Sea Cliff is a raw, windy promontory that rises in a jagged near-vertical line to drop a steep scraped tumble to the inlet. Below it is nothing but foam, sharp black rocks, and privacy; around it nothing but birds. In all the estate this is the most desolate, and I think most beautiful, point; it is also where I walk the least. That's due to Rowlande. Nothing so crude as his ghost, of course. It's only that there is a feeling here that never goes away, here on the highest reach of the promontory, especially when the sky is dark and the sea winds are running fast against the ground.

The cliff face is more beautiful in this flinty light, striated with layers of shale and sandstone. In the fog it looks even taller, somehow, and I run my eyes along the jagged edge where it pulls away from the sky.
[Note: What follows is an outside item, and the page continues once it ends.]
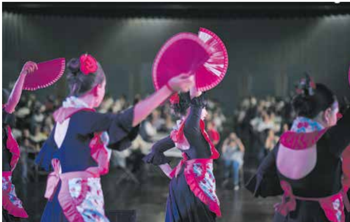
Una actuació de ball flamenc a càrrec de dansaires joves a la Feria de Abril celebrada a l'Espai Tolrà el cap de setmana passat.

El tret de sortida de la festa andalusa a Castellar del Vallès va ser divendres, amb actuacions de joves. Van oferir un concert les formacions Under the Riff, Overbooking i, d'estil urbà, Dolar, Wargon i Didu Torres. Tot i que els grups no tenen relació amb la cultura andalusa, la Feria d'Abril els va convidar perquè la cita suposa un bon aparador per actuar

"Henry," a voice mutters at my shoulder, "look." He's pointing. I stand still for a moment, staring at him, shocked by his use of my Christian name. He's said it casually. As if that were the most natural thing in the world. As if this is how we speak to one another. I've been calling him Mr. Tulloch, of course. I have never said his given name aloud.

He frowns at me, and my eyes follow up along his pointing arm. Above a shelf of pale limestone jutting out from the cliff face is a dark blur and inside that, a deeper blur, blue-black. My eyes focus. It's a crack, a large one. No, it's the opening of a cave. Angular and slanted, but clearly a cave. How have I never noticed it? Seamus puts a hand on the outcrop, leans far back, arching. He squints, straightens, looks back to me.

"What's in there?"

I shake my head at him, dumbly. "Then give us a hand up," he says, craning back, rubbing a wrist. He's serious. Nods at me and lifts his boot to show me what he means.

I lace my fingers together and crouch at his knee. He's grimacing over me while I fit the rough heel of his boot into the seam of my joined palms. For a moment he rests his full weight against me, testing. He's heavier than I would've thought. We must weigh about the same, I think, even for my height. His hand opens flat on my shoulder and I feel the spread of his fingers digging down. "If you're going to drop me, do it now," he murmurs. Then he slaps my shoulder, lightly. I dig my heels in and with a heave, breath pushing out of me, throw him upwards into the air with all my strength. In a matching heave his boot heel leaps from my hands, which are left empty. His legs kick up quick over the edge like he's swimming, then disappear over the edge of the shelf in a sandy rain of pebbles. From the top he gives a short laughing bark of victory. Then there's silence.

"Well?"

"A moment,' he says, softly. I hear his footsteps striking hollow across the shale ledge and then suddenly hush, like a curtain has fallen. The rasp of a match. He says something unintelligible. There's surprise in his voice, and a slight echo. A few more steps, very quiet. A slide of pebbles like faint rain.

Then nothing at all.

I wait there, staring up into the dark blur. A few stray pebbles drop off the edge and bounce off my shoulder. The wind picks up. A draught from some hidden cleft in the cliff pushes out in a gust and rattles my cuffs against my ankles. Very faintly a low whistling blows from somewhere deep within the rock. Underneath my shirtsleeves the hair rises on my arms. A realization comes from nowhere: the cave is more than just a crack in the rock, and I am at the threshold of an action which cannot be undone.